The task
Exercise in exact copying: restate word for word only the lines below from the one containing "薰衣草婚纱照片调色实例,后期主要调出夕阳偏活泼风格,喜欢的一起练习一下。" through the one containing "据日本电视报道,2024年第", omitting any pictures.

Data for this exercise

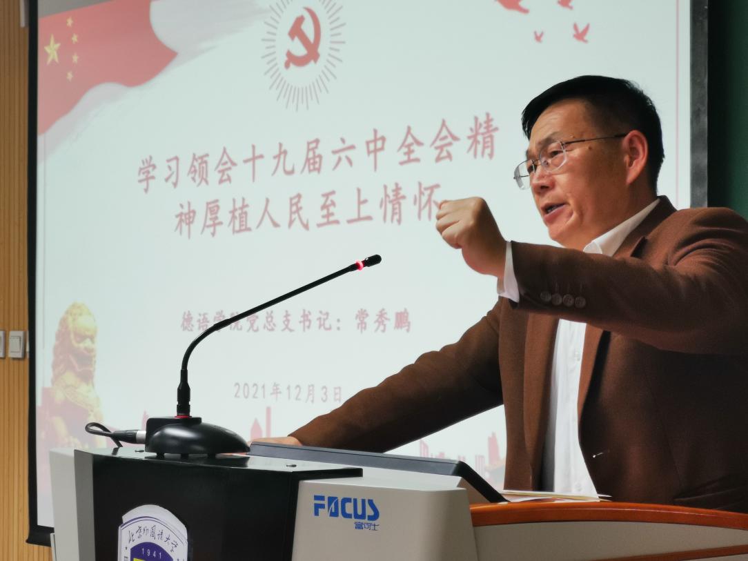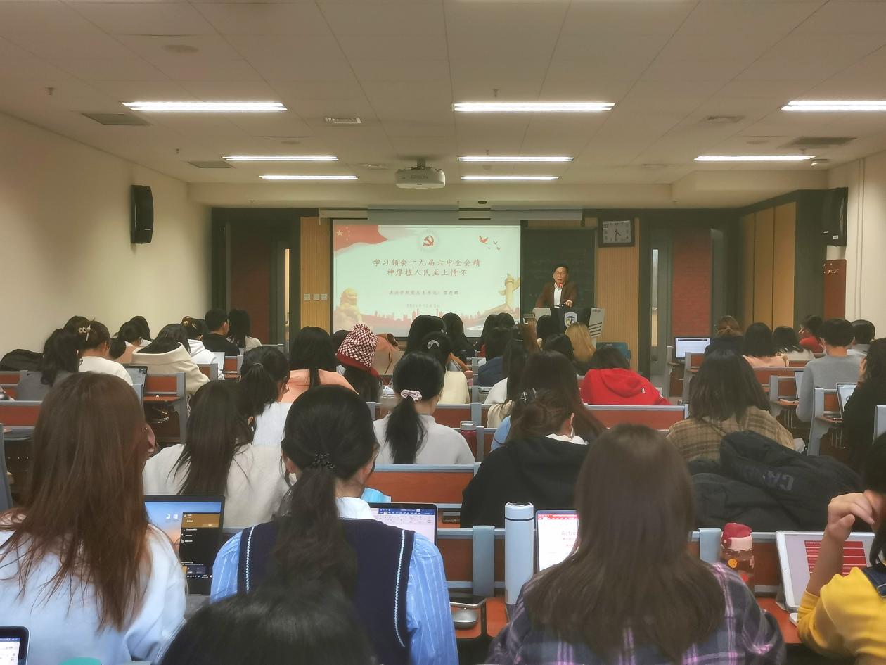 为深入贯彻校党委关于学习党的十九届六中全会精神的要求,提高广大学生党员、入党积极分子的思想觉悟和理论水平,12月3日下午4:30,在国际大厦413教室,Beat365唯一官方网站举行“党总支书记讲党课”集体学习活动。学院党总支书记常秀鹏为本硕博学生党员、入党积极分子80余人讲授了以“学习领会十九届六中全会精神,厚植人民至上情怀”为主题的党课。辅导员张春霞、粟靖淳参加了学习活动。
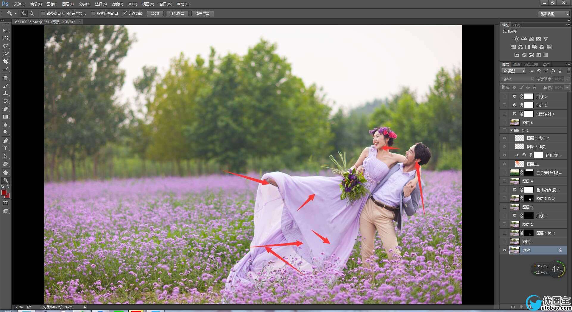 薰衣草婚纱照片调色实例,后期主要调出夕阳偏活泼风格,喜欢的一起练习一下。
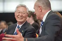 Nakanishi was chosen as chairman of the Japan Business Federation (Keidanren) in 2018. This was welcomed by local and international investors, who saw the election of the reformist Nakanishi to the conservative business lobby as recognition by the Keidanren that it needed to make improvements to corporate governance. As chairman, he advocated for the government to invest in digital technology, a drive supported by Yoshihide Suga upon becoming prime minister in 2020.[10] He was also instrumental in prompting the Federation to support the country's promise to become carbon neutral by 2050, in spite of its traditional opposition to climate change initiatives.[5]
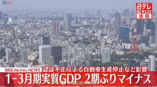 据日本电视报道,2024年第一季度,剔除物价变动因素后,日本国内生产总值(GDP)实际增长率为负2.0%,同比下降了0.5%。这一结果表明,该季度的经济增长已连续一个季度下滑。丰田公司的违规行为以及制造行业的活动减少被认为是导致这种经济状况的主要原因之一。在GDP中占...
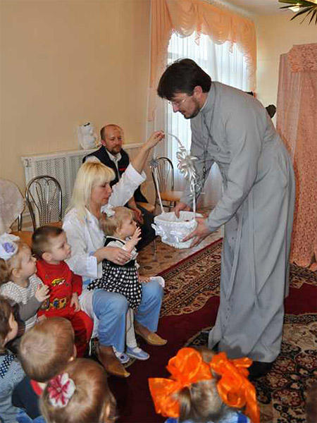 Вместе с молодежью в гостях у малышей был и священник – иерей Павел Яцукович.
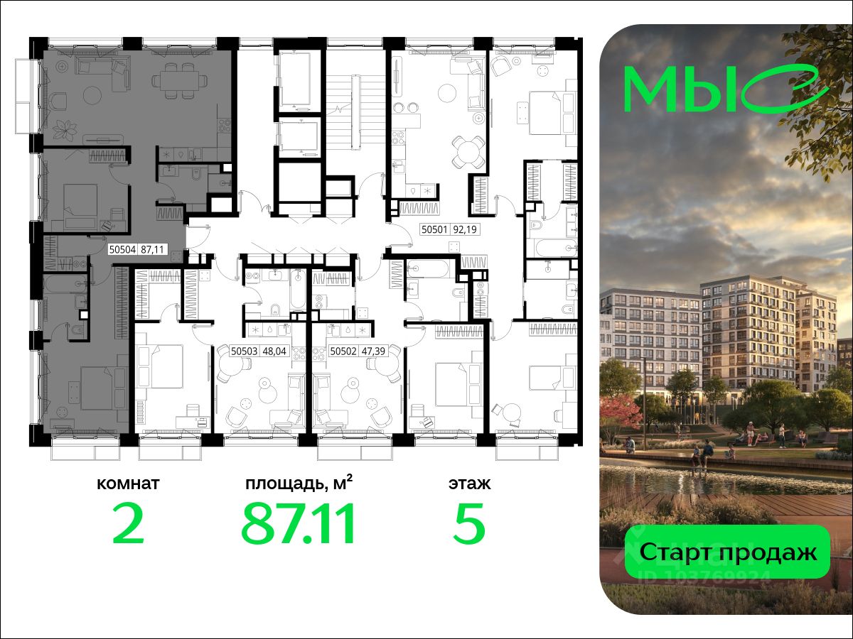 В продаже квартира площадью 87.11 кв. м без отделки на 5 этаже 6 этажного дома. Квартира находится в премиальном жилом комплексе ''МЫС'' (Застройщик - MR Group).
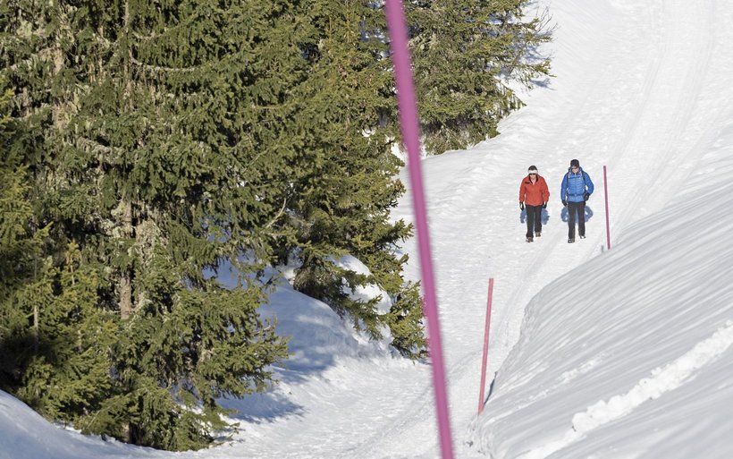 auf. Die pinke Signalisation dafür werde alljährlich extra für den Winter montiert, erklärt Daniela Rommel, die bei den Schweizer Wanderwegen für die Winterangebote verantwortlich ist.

Result of the task
 薰衣草婚纱照片调色实例,后期主要调出夕阳偏活泼风格,喜欢的一起练习一下。
 Nakanishi was chosen as chairman of the Japan Business Federation (Keidanren) in 2018. This was welcomed by local and international investors, who saw the election of the reformist Nakanishi to the conservative business lobby as recognition by the Keidanren that it needed to make improvements to corporate governance. As chairman, he advocated for the government to invest in digital technology, a drive supported by Yoshihide Suga upon becoming prime minister in 2020.[10] He was also instrumental in prompting the Federation to support the country's promise to become carbon neutral by 2050, in spite of its traditional opposition to climate change initiatives.[5]
 据日本电视报道,2024年第一季度,剔除物价变动因素后,日本国内生产总值(GDP)实际增长率为负2.0%,同比下降了0.5%。这一结果表明,该季度的经济增长已连续一个季度下滑。丰田公司的违规行为以及制造行业的活动减少被认为是导致这种经济状况的主要原因之一。在GDP中占...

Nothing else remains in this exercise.